Exercise details: Please copy exactly the part of the records below that opens with the line containing "この中にすっぽりと紙のステッ" and closes with the line containing "대구 남구청은 남부경찰서와", leaving out any pictures.

Records shown:
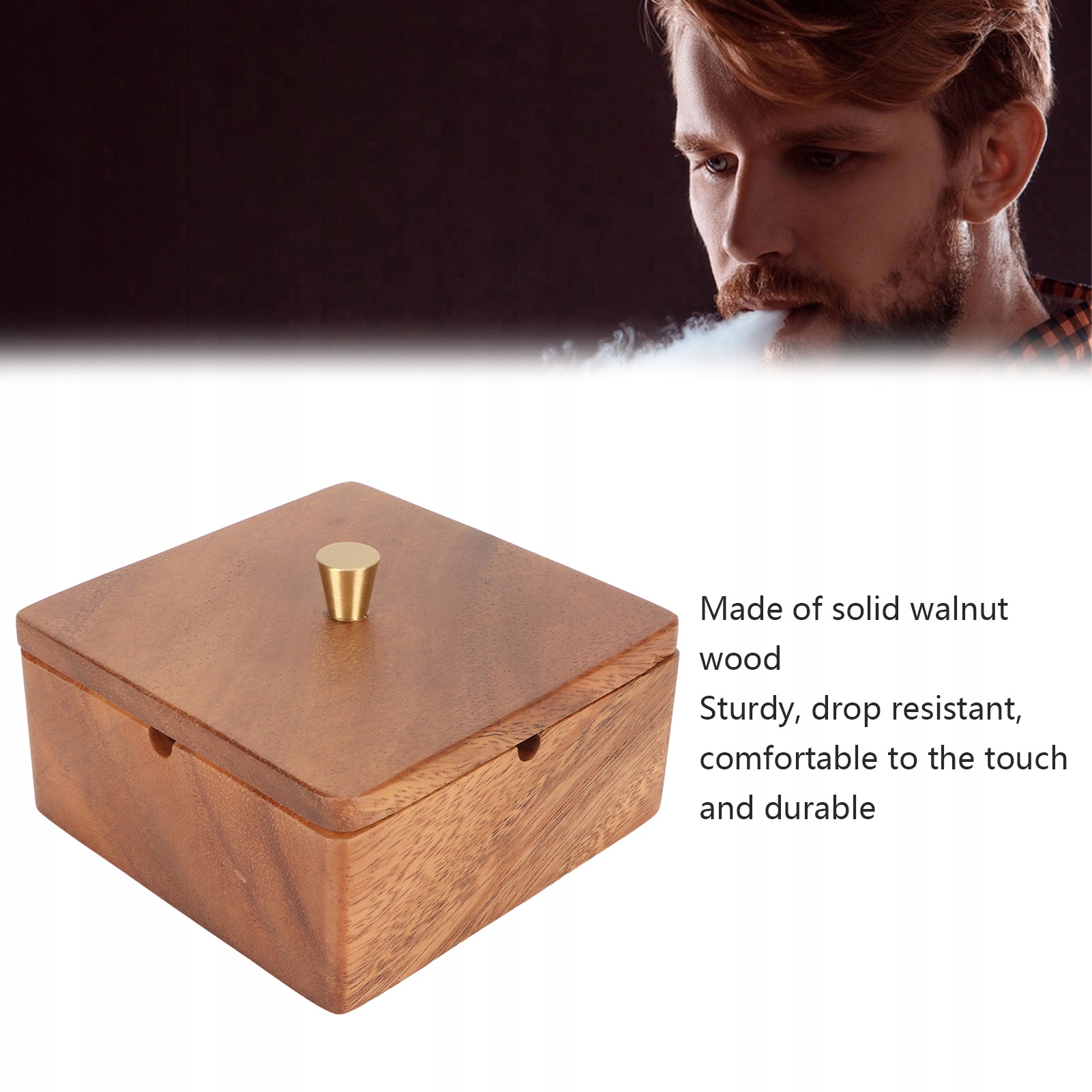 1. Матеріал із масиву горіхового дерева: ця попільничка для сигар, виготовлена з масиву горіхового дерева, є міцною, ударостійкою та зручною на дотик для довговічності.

* * *

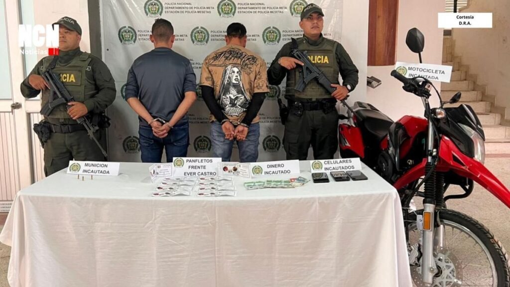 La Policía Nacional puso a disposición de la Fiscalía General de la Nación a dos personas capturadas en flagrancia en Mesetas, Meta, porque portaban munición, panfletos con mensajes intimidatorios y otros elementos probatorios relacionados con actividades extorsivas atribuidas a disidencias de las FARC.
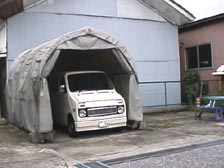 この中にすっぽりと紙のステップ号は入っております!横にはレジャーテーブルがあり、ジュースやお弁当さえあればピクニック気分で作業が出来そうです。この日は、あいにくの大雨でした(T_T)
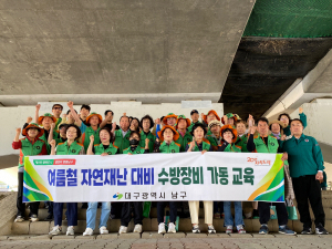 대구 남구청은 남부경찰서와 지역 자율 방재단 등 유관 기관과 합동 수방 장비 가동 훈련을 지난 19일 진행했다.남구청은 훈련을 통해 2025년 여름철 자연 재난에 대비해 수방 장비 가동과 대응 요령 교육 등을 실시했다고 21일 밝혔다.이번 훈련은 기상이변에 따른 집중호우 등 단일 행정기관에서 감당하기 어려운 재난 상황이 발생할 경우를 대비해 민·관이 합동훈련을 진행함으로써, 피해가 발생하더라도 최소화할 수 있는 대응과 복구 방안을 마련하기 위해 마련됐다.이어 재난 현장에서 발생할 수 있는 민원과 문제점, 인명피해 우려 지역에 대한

* * *

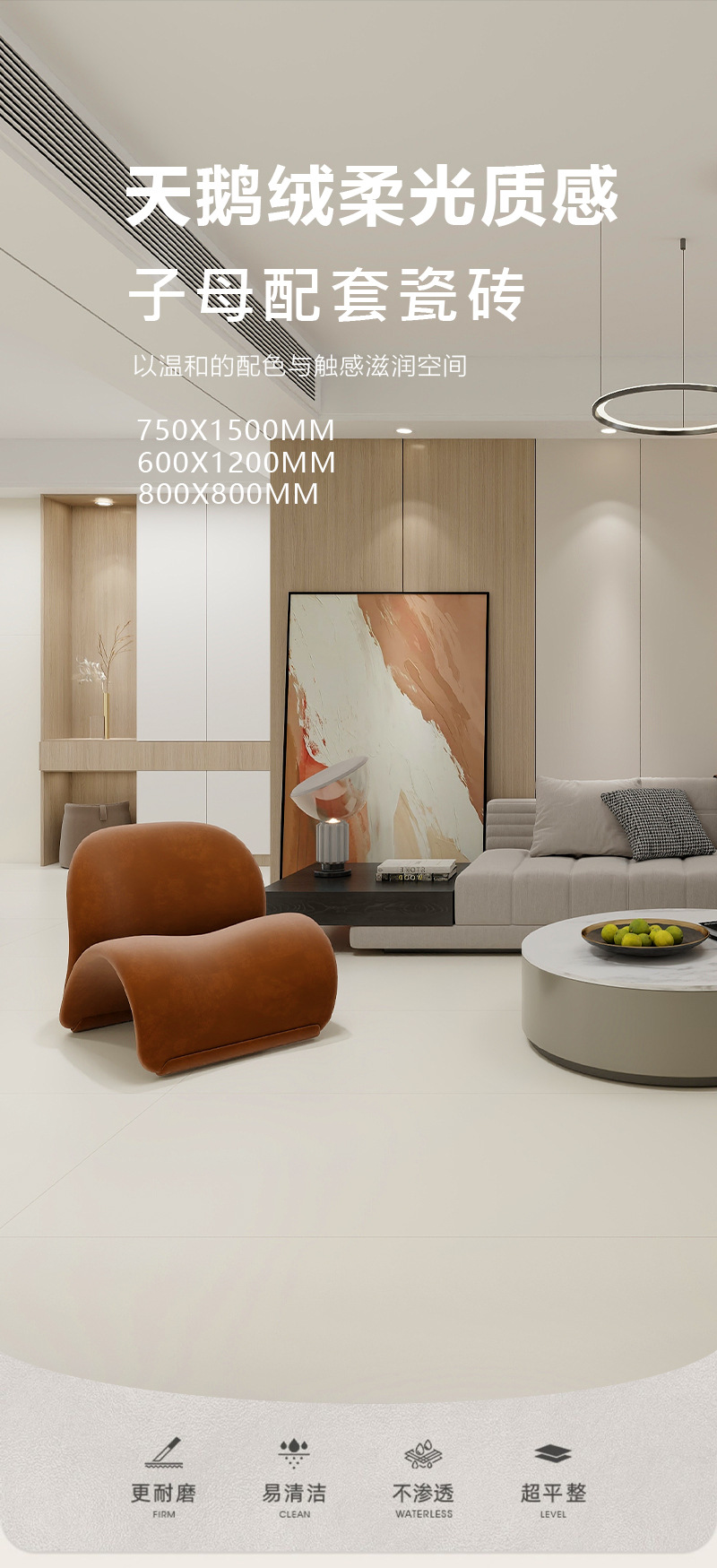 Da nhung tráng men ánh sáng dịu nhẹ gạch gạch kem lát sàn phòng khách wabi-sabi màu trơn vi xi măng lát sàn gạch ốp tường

Written response:
 この中にすっぽりと紙のステップ号は入っております!横にはレジャーテーブルがあり、ジュースやお弁当さえあればピクニック気分で作業が出来そうです。この日は、あいにくの大雨でした(T_T)
 대구 남구청은 남부경찰서와 지역 자율 방재단 등 유관 기관과 합동 수방 장비 가동 훈련을 지난 19일 진행했다.남구청은 훈련을 통해 2025년 여름철 자연 재난에 대비해 수방 장비 가동과 대응 요령 교육 등을 실시했다고 21일 밝혔다.이번 훈련은 기상이변에 따른 집중호우 등 단일 행정기관에서 감당하기 어려운 재난 상황이 발생할 경우를 대비해 민·관이 합동훈련을 진행함으로써, 피해가 발생하더라도 최소화할 수 있는 대응과 복구 방안을 마련하기 위해 마련됐다.이어 재난 현장에서 발생할 수 있는 민원과 문제점, 인명피해 우려 지역에 대한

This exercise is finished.